With groups like ISIS flooding the Internet with its propaganda, a weekend call for attacks on U.S. shopping centers by a lesser-known terrorist group in Somalia is "not likely" to inspire violence anytime soon, according to federal authorities.
In a 76-minute propaganda video posted online Saturday, the al Qaeda-linked group al-Shabab urged Western followers to strike in their home countries with attacks like the one targeting a popular mall in Kenya two years ago, when a four-day siege tied to al-Shabab left 67 dead.
The video posted Saturday specifically mentioned the Mall of America in Bloomington, Minnesota, as a possible target, prompting the massive shopping center to conduct two drills Monday.
"Our top priority at Mall of America is the safety of all guests. These test drills help us to prepare for emergency situations," signs posted in the mall reportedly read.
U.S. officials expressed skepticism that al-Shabab's video will produce an emergency situation.
"Our view is it's propaganda," State Department spokeswoman Jen Psaki said of the video. "There's not a credible threat against malls."
Similarly, the FBI and Department of Homeland Security said Sunday that so-called "homegrown violent extremists" are "not likely to respond immediately" to the weekend call for attacks because such homegrown radicals are paying "greater attention ... to supporting fighters in other foreign conflict zones, such as Syria," where ISIS is wreaking havoc and using online social media to radicalize tens of thousands around the world.
In addition, al-Shabab's past messaging has had "limited resonance," the FBI and DHS said in an intelligence bulletin issued to law enforcement on Sunday.
"Previous al-Shabab videos have called for Western Muslims to conduct attacks around the world without result," and neither the 2013 attack on the Westgate mall in Nairobi, Kenya, nor al-Shabab's subsequent praise of it have "mobilize[d] operatives," the bulletin added.
Still, the top law enforcement agencies urge security officials and shoppers at malls across the United States to remain vigilant, saying the "individualized nature of the radicalization process makes it difficult" to predict or detect plotting by homegrown radicals.

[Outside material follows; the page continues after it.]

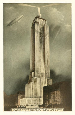 NY-165 Blimp over Empire State Building, New York City - Vintage Image

During a morning drill at the Mall of America on Monday, a recording saying "Attention Guests: This a drill" echoed throughout the mall as shopkeepers temporarily brought gates down.
"We're concerned because, yes, it could happen," one shopper at the mall Monday told NNS. "It's a big target for someone that wants to cause a lot of havoc."
Still, the shopper said that is "not going to probably keeps us away."
Al-Shabab has proven to be a potent and lethal force in East Africa. Three years before the attack on Westgate mall in Kenya, the group claimed responsibility for a series of coordinated bombings in Uganda targeting soccer fans watching the 2010 World Cup. More than 70 people were killed, and another 70 were injured.
For several years, al-Shabab has been waging war against the fledgling government in Somalia, which has been backed by the U.S. government and the government in neighboring Ethiopia.
After Ethiopian forces moved into Somalia in 2007, al-Shabab was able to recruit dozens of Americans to the fight, as estimated by the U.S. Justice Department. But many of those Americans have said they went to Somalia to push the Ethiopians "invaders" out, not to harm the United States in any way.
Meanwhile, reports out of Somalia have indicated deep fractures within al-Shabab over whether the group should become more of a global enterprise and try to launch attacks outside East Africa, perhaps in the West.
"We assess al-Shabab is [still] focused primarily on efforts to topple the Somali Federal Government and expel foreign troops from Somalia,” the FBI and DHS said in the bulletin on Sunday.
In addition, DHS issued a separate statement to media on Sunday, saying: "As a general matter, we are not aware of any specific, credible plot against the Mall of America or any other domestic commercial shopping center."